Solitary Plasmacytoma

Updated 28 July 2008 

The location of the solitary plasmacytoma is crucial to predicting its natural history. The majority of patients with extra-osseous (non-bone-involving) plasmacytoma have localized disease which is potentially curable with irradiation. The majority of patients with solitary plasmacytoma of bone will eventually manifest overt multiple myeloma.​

1. Diagnosis

All these criteria must be present:

  • Biopsy proof of a plasma cell tumour
  • No lytic bone lesions except the tumour itself
  • Bone marrow plasma cell proportion less than 10%
  • For solitary plasmacytoma of bone: no significant PET scan or CT scan abnormality at another site

A serum and/or urine monoclonal paraprotein may be present. Usually the uninvolved immunoglobulin levels are normal.​​

2. Follow-up

Solitary extra-osseous plasmacytoma

​Tests

Interval

CBC
serum creatinine, calcium
serum protein electrophoresis

Every 3 months x 1 year then 6 months x 2 years then annual

Tests

Interval

CBC
serum creatinine, calcium
serum protein electrophoresis

Every 3 months x 1 year then 6 months

Patients with either type of plasmacytoma should have a 24 hour urine protein electrophoresis and low dose CT skeletal survey annually. Those patients with extra-osseous plasmacytomas do not require these extra tests after they have been well for 5 years.​

3. Staging

No standard system is available.
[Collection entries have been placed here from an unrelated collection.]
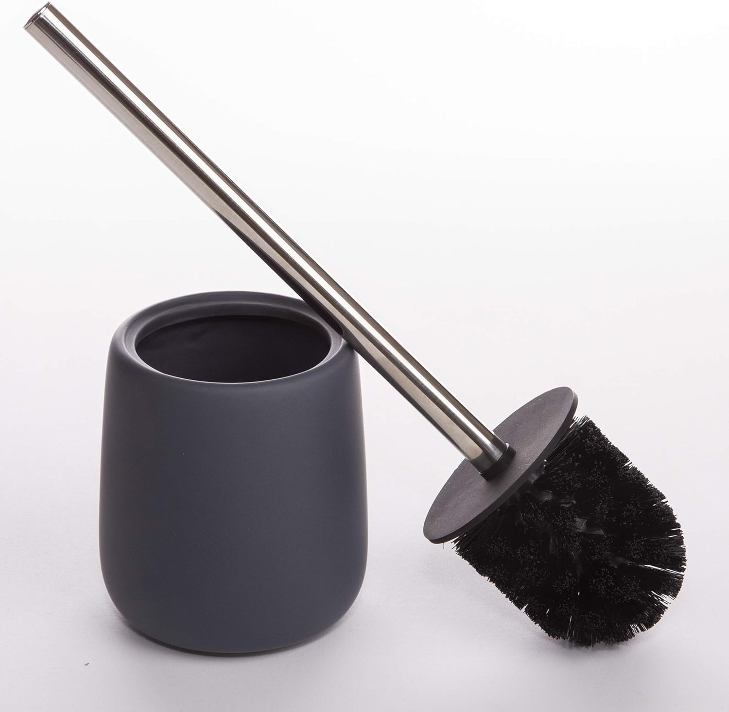 - STYLISH STORAGE: Toilet brush with individual holder provides simple and discreet storage that keeps floors clean and dry; Tucks neatly beside the toilet; Non-skid, non-slip base keeps the bowl brush secure; Stands up to daily use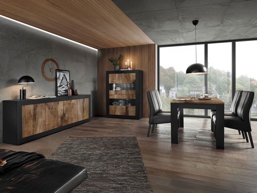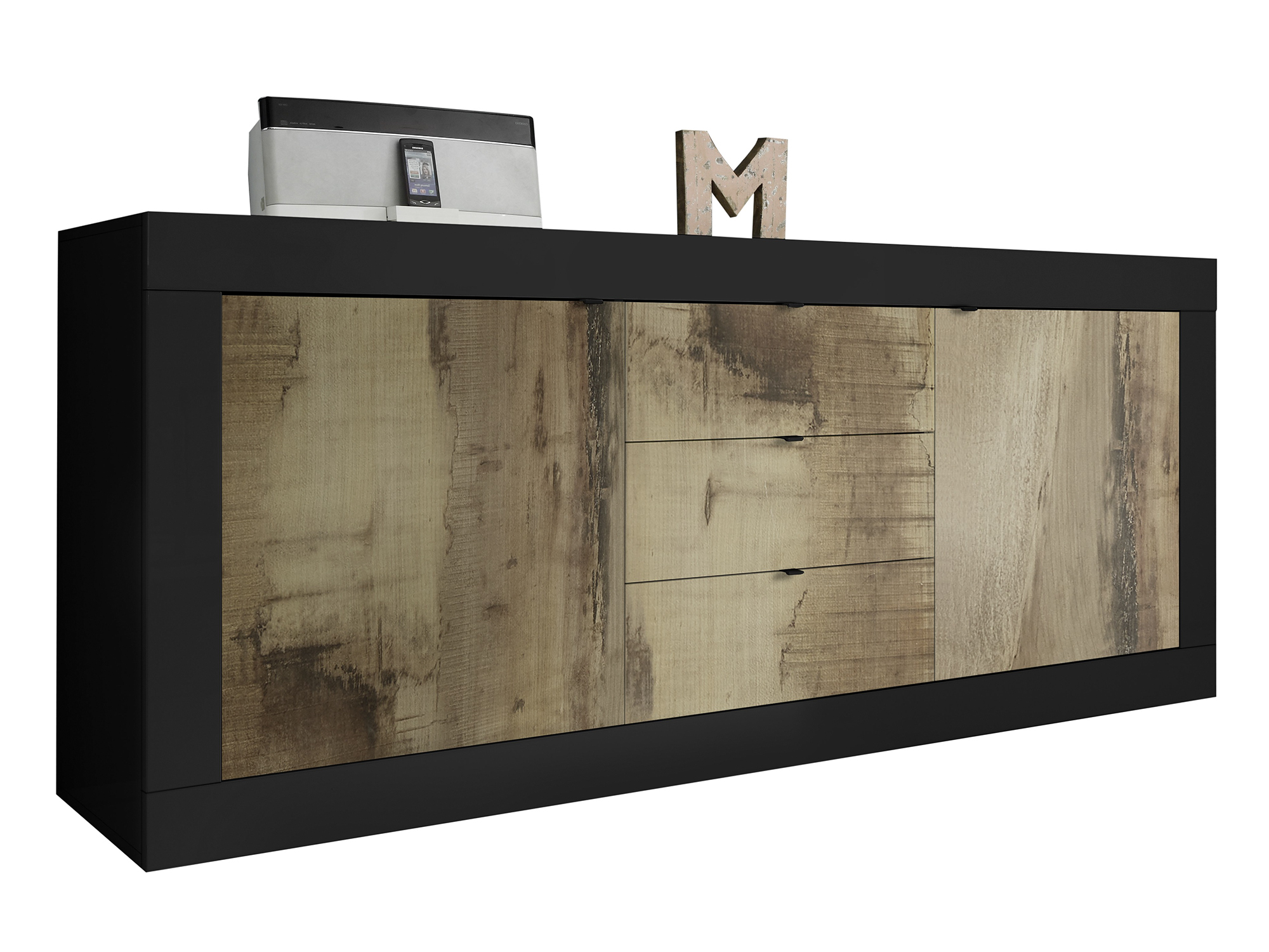 Apportez une touche de raffinement industriel à votre intérieur avec le bahut Costa, 2 portes et 3 tiroirs. Son design robuste et moderne se démarque par un cadre noir intense qui met en valeur les façades en bois effet vieilli, pour un look brut et authentique.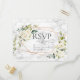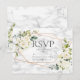 Moderno e moderno, este convite de casamento RSVP design apresenta um falso geométrico de cobre embelezado com cor d'água floral branca e eucalipto verde floral, sobre uma textura falsa de mármore branco. Esta é a opção de não comer. Parte de um jogo de casamento. Convidados Elegantes de Direitos Autorais. Todos os direitos reservados.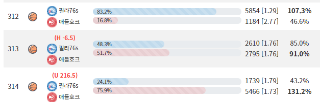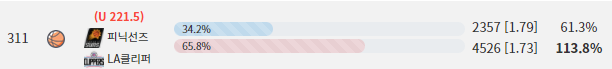 피닉스경기도 오버가 66%면 3명중 2명이 오버를 가기도 하고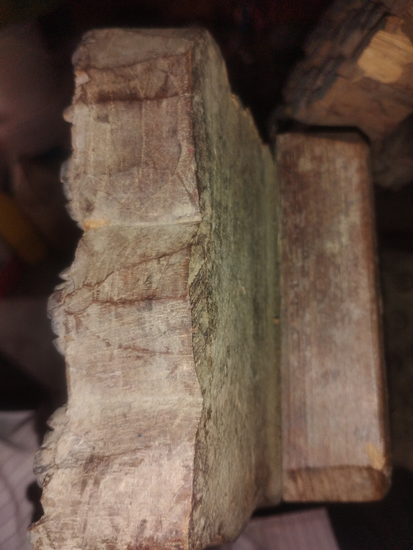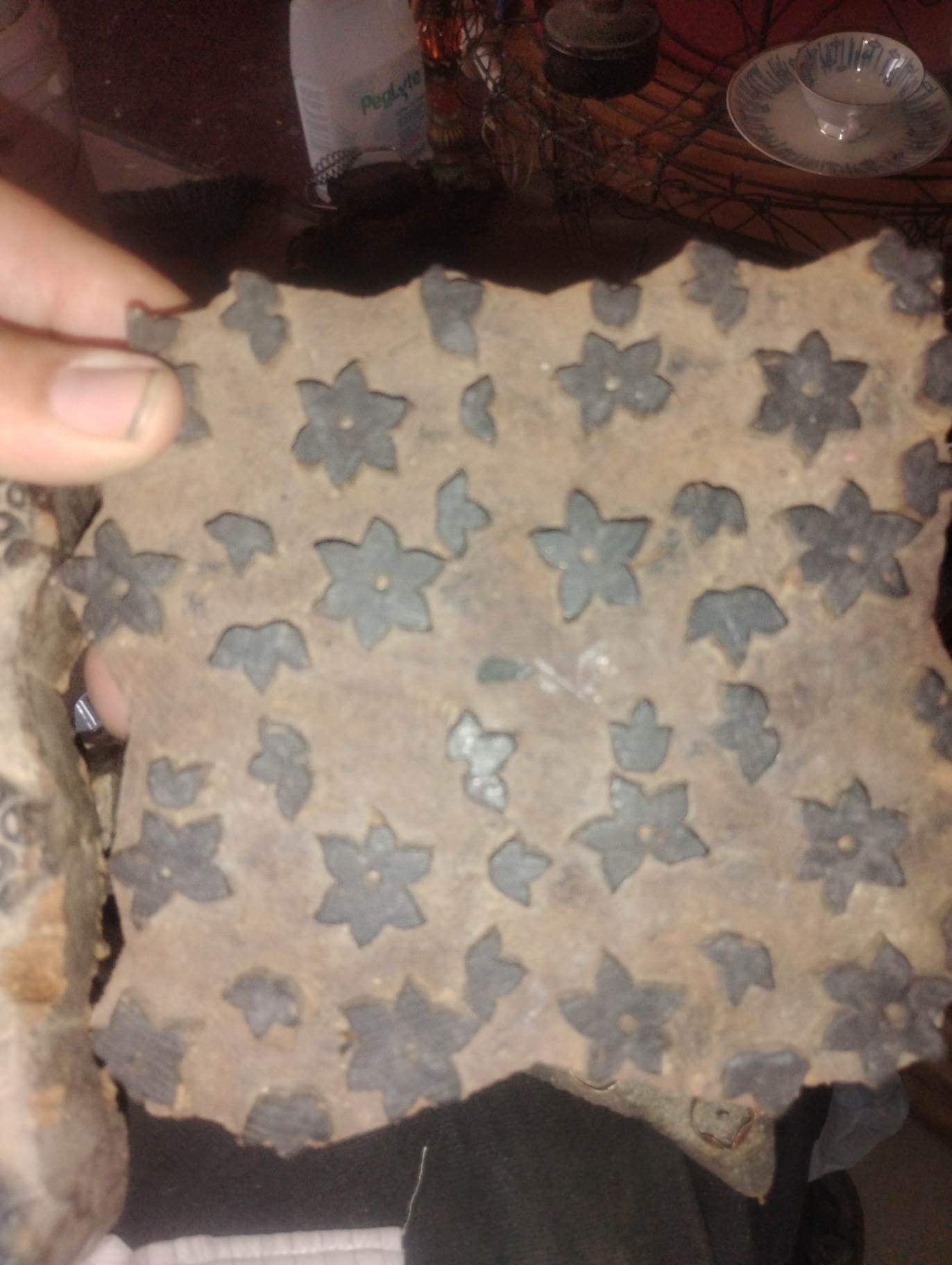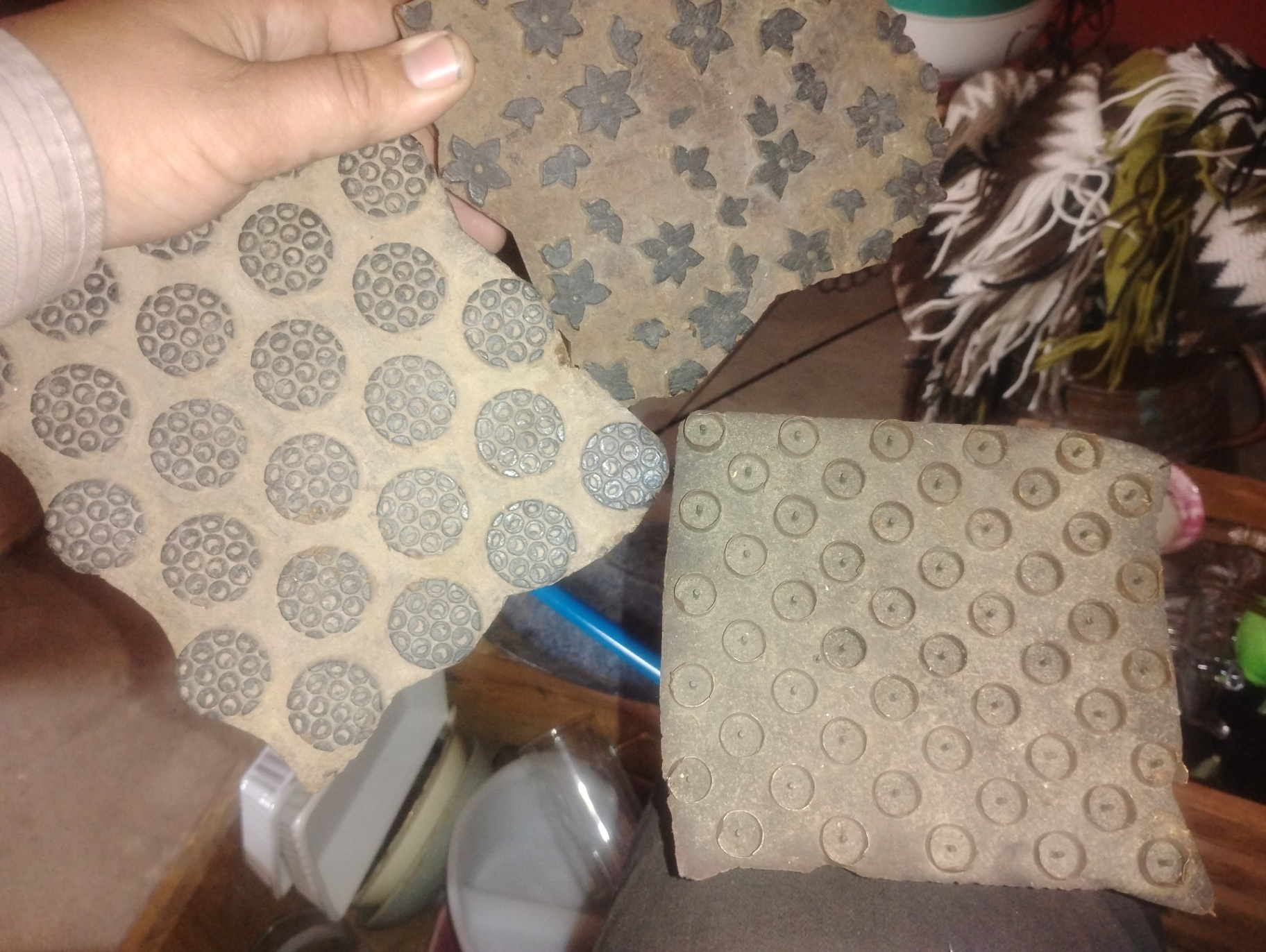 Ceramic tiles featuring circular dot patterns and flower-shaped motifs, along with a wooden block.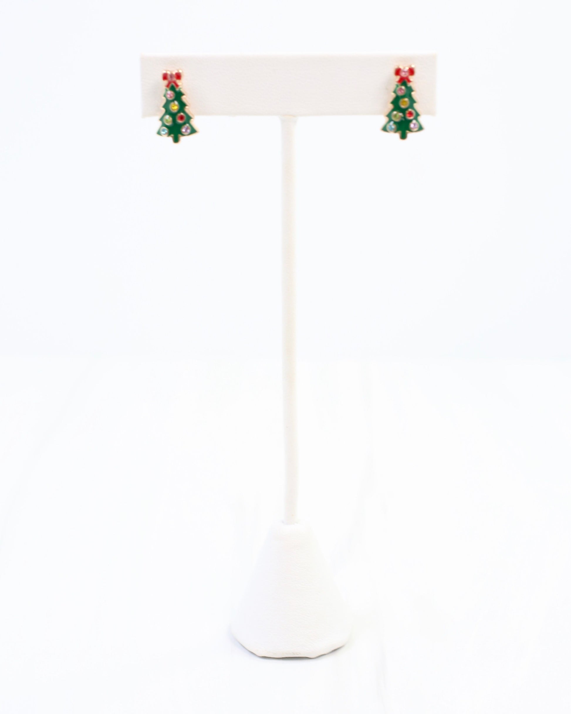 Add a festive touch to any outfit with the All is Calm Christmas Tree Stud in Multi. This petite green enamel tree features sparkling multicolor crystal ornaments and a charming red bow, creating a fashionable and delicate holiday accessory that effortlessly captures seasonal spirit.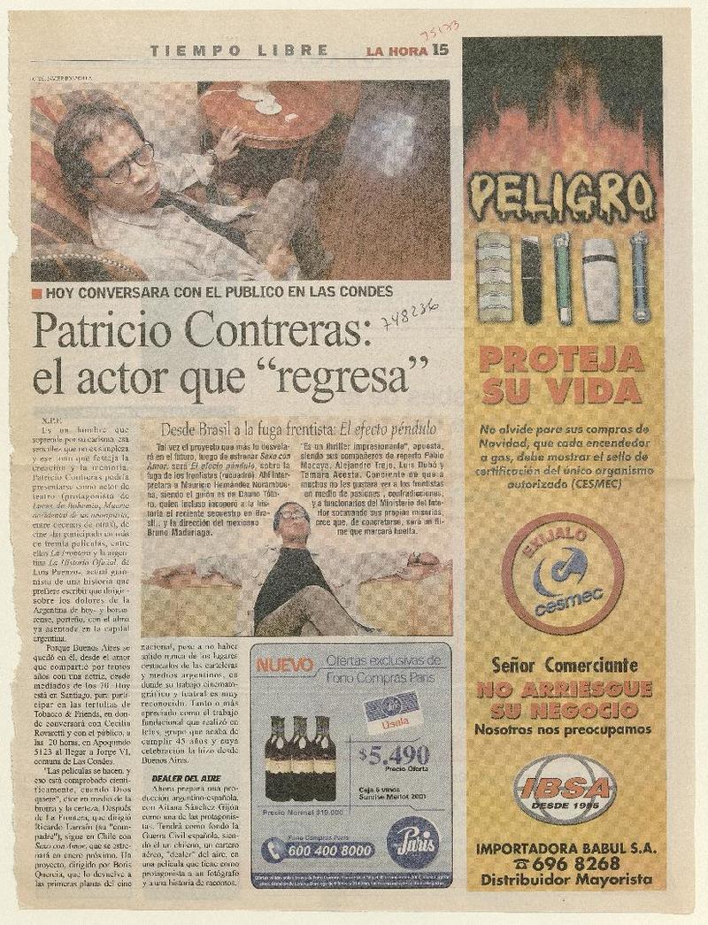 Patricio Contreras: el actor que "regresa" [artículo] X. P. F.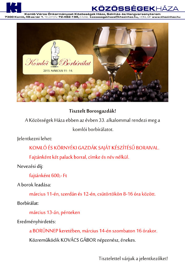 március 14. 16 óra - Borünnep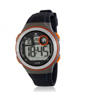 - Material Caja: Plástico color gris oscuro con bisel plateado y detalles en naranja.

Patients should undergo all the usual tests for multiple myeloma. Imaging should include both a dedicated CT scan (neck/chest/abdomen and pelvis and low dose CT skeletal survey) and a PET/CT.  CT scan of the plasmacytoma should be obtained prior to radiation therapy.

4. Treatment

Standard treatment for solitary plasmacytoma is irradiation to the entire lesion with appropriate margins.